Is it just on the fan side of the horn that is broken while the wheel side looks OK?
I think some further investigation needs to happen to see if the forward mount for that arm is crushed toward the frame. If the wheel took a sideways hit so that the front of the suspension took the brunt of the force it would pull on the rear weld at that spot.
I'd take it to a frame shop to do a check on the frame's true-ness to see if/where it's torqued and also do the repair as they see fit.
Last edited by barkingrats; Aug 12, 2024 at 01:39 PM.
Dalkoe
so...it's just the mount directly in front of the power steering pulley? If so, and if the rest of the frame looks fine, then just squeeze it back together and give it a good clean weld.
My alignment shop inspected mine (ages ago) and told me to get it welded before doing the alignment --- he knew that that cracks could developed there. Mine just had slight hairline cracks.
BUT make sure the rest of the frame is not falling apart also...... no use welding a rusty noodle.
HOWEVER ---- take another picture of the underside... not sure what you're showing us here:
I’ll have to get some better pictures
I’ve figured out it’s the lower control arm mounting bracket is cracked and peeling from the frame.
the yellow in the picture above is where it’s peeling from. The red is the power steering
the second picture is one I got from Google showing more of the actual bracket that’s peeling from the frame
Thinking further on this, I'm wondering if the opposite of what I crossed out above happened. The rear took the brunt of an impact and bent that horn inward. It was pulled back out but the wrinkle that was created made for a weak spot. You can see that the weld didn't fail, it's the steel in the horn that tore. It appears a weld repair was attempted.
Regardless, I don't think that's safe on the road until it's repaired.
2020 Corvette of the Year Finalist (performance mods)
2019 C3 of Year Winner (performance mods)
2016 C3 of Year Finalist
Yes, bring it to a frame repair shop on a trailer and show them. They can align it and weld it back together. It's no big deal with the new machines provided they have the specs. You might need to call them and ask. If they don't you can find them here with the search function
Found a local mechanic whos a certified welder through a family member, taking the car in Sunday and should be done monday. He estimated about $200 for the repair(family discount). Ill post updates when i get the car back!

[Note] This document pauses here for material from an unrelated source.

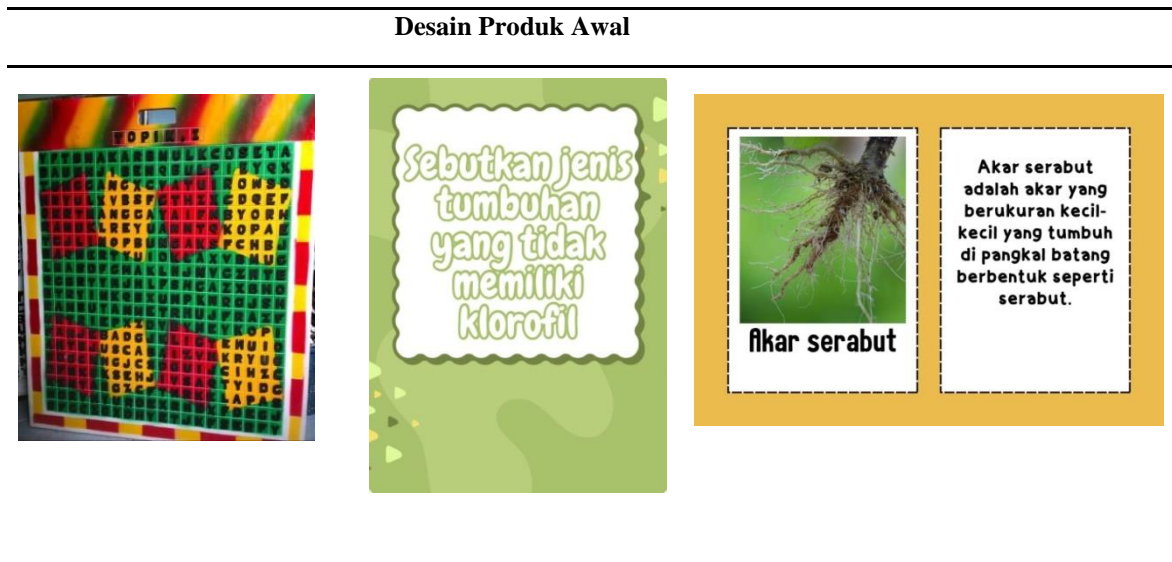
Tabel 1. Desain Awal Produk

(3) Tahap development : pada tahap pengembangan terdapat beberapa langkah yaitu validasi ahli, media dan bahasa. Yang dimana pada tahap ini dimana peneliti akan

I have replaced one of those frame horn brackets too.
Unfortunately it is somewhat common.
Once you find a new bracket, the two lower a-arm bolts should be exactly 16.0" apart, and parallel, at the front & rear bushing bolt centers.
That number is not available anywhere.
David Howard measured 12 frames to get it.

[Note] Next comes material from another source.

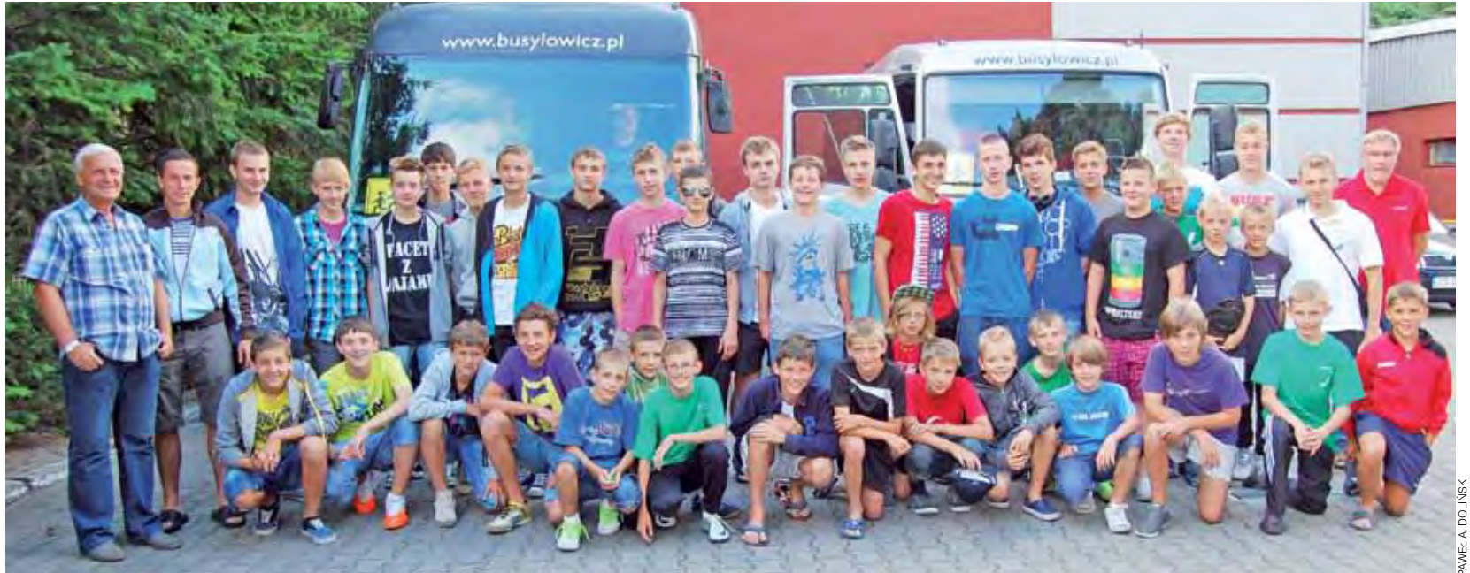
W Niechorzu do nowego sezonu przygotowywały się trzy zespoły Pelikana: juniorzy młodszy z rocznika 1996-97, zespół Michałowicza z rocznika 1998 oraz Górski (rocznik 2000).

Trener naszych juniorów zaplanował sobie dwa mecze kon-

Just make sure you find a good welder. That can do nice smooth welds.
It will be a bit** to replace.
Both sides of the crack need to be ground clean, or it will never hold.
I would do it right, even if it means pulling the engine for access, and grinding off the old bracket.
Anything less is just a patch.
I would check the entire frame for rust spots first.
The metal was originally .110" thick, you can measure with a micrometer.
Severe pitting or scale significantly weakens it.